En connaisseuse de l’univers si personnel de Bashung (elle avait travaillé sur l'album Fantaisie militaire en 1998), Edith Fambuena s’est enfermée dans son studio pendant quinze jours, afin de s’adonner à une sorte de séance de spiritisme dont le but était ne surtout pas trahir l’esprit de l’interprète de Vertige de l’amour. Et la première marque de respect de l’album, celle qui frappe d’emblée l’auditeur, c’est la manière dont la voix est mixée, à savoir particulièrement en avant par rapport à la musique. Ainsi, on retrouve avec plaisir l’interprétation si personnelle de Bashung, comme ses décalages rythmiques (« Mortels mortels » dans Immortels, écrite par Dominique A), et surtout ses inflexions à la fois déglinguées, attachantes et tendrement viriles.
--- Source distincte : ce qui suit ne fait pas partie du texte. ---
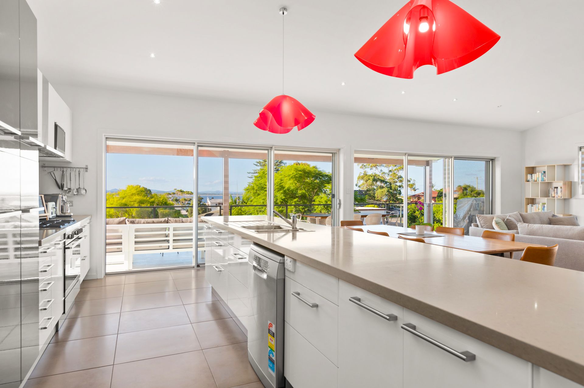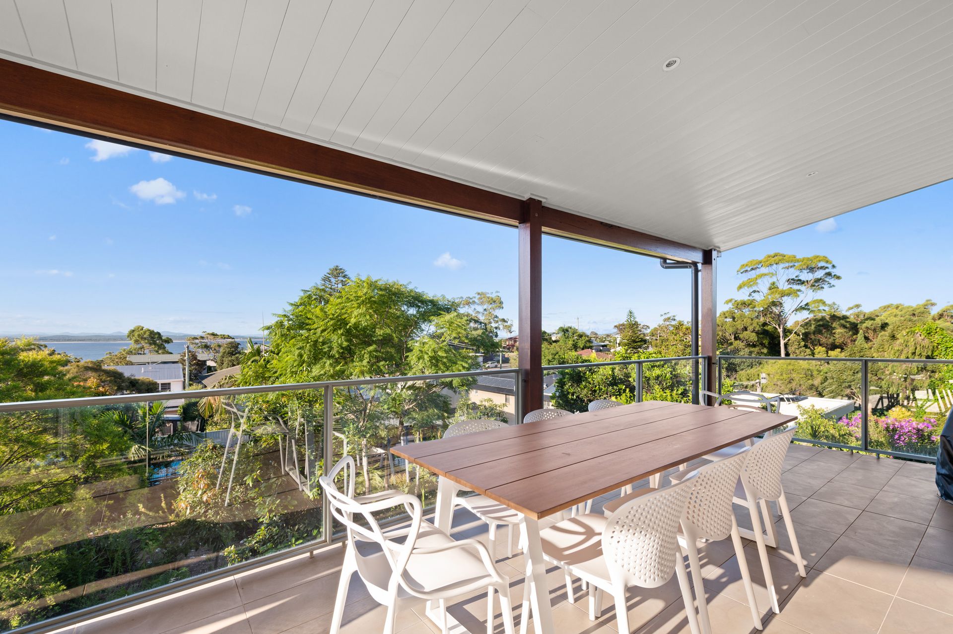 This contemporary, 2-storey holiday home with fantastic water views is the epitome of a dream coastal getaway for the whole family – including the furry family member! Just a 450m stroll takes you to Bagnalls Beach and you can follow the coast or cycle path to Dutchies Beach, which is very popular with families for its calm swimming waters and picturesque location. Both offer a playground and reserve with BBQ and picnic facilities. Further along the scenic coastline, or just over 1km more direct stroll from the house, is the heart of Nelson Bay and the d'Albora Marina. Head out on a dolphin or whale watch cruise, do some boutique shopping, enjoy drinks overlooking the water or dine at one of the award-winning restaurants.

Sélectionnées par sa veuve Chloé Mons, les chansons ont été écrites sur mesure pour Bashung par une flopée d’auteurs-compositeurs qui ont aussi la caractéristique d’être, pour la plupart, des interprètes de renom : Dominique A, donc, mais aussi Daniel Darc (Elle me dit les mêmes mots), Doriand (Nos Âmes à l’abri), Michael Furnon de Mickey 3D (Montevideo), ou encore Raphaël (Les Salines). Bien qu’ils viennent d’horizons très différents, ils ont su, chacun à leur manière, pénétrer l’univers à la fois sombre et poétique de Bashung. Et comme souvent chez ce dernier, ce sont différentes ambiances musicales qui parsèment l’album : du rock’n’roll pur jus (Ma peau va te plaire #2) jusqu’à la ballade blues rock fatiguée (Elle me dit les mêmes mots), en passant par le folk mélancolique (Seul le chien) et le rock « christique » (les chœurs de Nos Âmes à l’abri).

Mais surtout, ce second album posthume d'Alain Bashung après L’Homme à tête de chou en 2011 se caractérise par une sérénité bouleversante, comme l’attestent les splendides guitares de La Mariée des roseaux. Comme si Fambuena s’était donnée comme consigne essentielle de laisser le mort reposer en paix, malgré tout.